I'm very new to SQL, thank you for bearing with me.
I'm using PostgreSQL, trying to produce a simple summary statistic on the percentage of home team or away team victories in a dataset of soccer penalty shootouts. I've tried doing this with a few common table expressions, which I then try to perform some operations on (divide one from another) like so:
WITH home_team_wins (match) AS (
SELECT match
FROM penalties
WHERE neutral_stadium = 0
AND attacker_home = 1
AND match_winner = 1
GROUP BY match
),
away_team_wins (match) AS (
SELECT match
FROM penalties
WHERE neutral_stadium = 0
AND attacker_home = 0
AND match_winner = 1
),
num_home_wins (match) AS (
SELECT COUNT(DISTINCT match)
FROM home_team_wins
),
num_away_wins (match) AS (
SELECT COUNT(DISTINCT match)
FROM away_team_wins
),
total_matches (match_count) AS (
SELECT COUNT(DISTINCT match)
FROM penalties
WHERE neutral_stadium = 0
)
SELECT num_home_wins.match / total_matches.match_count, num_away_wins.match / total_matches.match_count
FROM num_home_wins, num_away_wins, total_matches;
I'm confused by the results, and don't fully understand what's happening beneath the hood. I expect to see a couple decimal values (in this case, 0.485 and 0.515), but instead both results come out to zero:
If I don't operate on the CTE variables and simply select them, I see the expected numbers:
SELECT num_home_wins.match, num_away_wins.match, total_matches.match_count
FROM num_home_wins, num_away_wins, total_matches;
Obviously, dividing these values shouldn't equal zero. Why does operating on them produce this weird result?

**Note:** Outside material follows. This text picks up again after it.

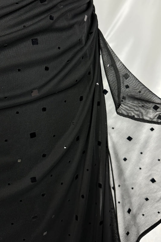 NOIR GLIMMER MESH HALTER NECK MAXI DRESS
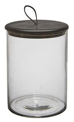 Locket på burken, tydligt och funktionellt, har en mörk nyans som kompletterar glaskroppens klara genomskinlighet. Det är utformat i svart med en slät, matt yta, vilket ger en stark kontrast till glaset. En liten ögla, fäst vid lockets mitt, tillåter enkel avlyftning och ger en praktisk hantering. Öglan är subtil men distinkt, tillverkad av ett material som ger ett robust intryck.

I won't be surprised if there's a more efficient way to do this, which will also be helpful to know, but he main question above still stands. Thank you!
CodePudding user response:
Try something like this to make your query more compact :
SELECT COUNT(DISTINCT match) FILTER (WHERE attacker_home = 1 AND match_winner = 1) :: numeric / COUNT(DISTINCT match)
, COUNT(DISTINCT match) FILTER (WHERE attacker_home = 0 AND match_winner = 1) :: numeric / COUNT(DISTINCT match)
FROM penalties
WHERE neutral_stadium = 0
and as stated by @klin, you must cast to numeric to avoid zero as the result of an integer division.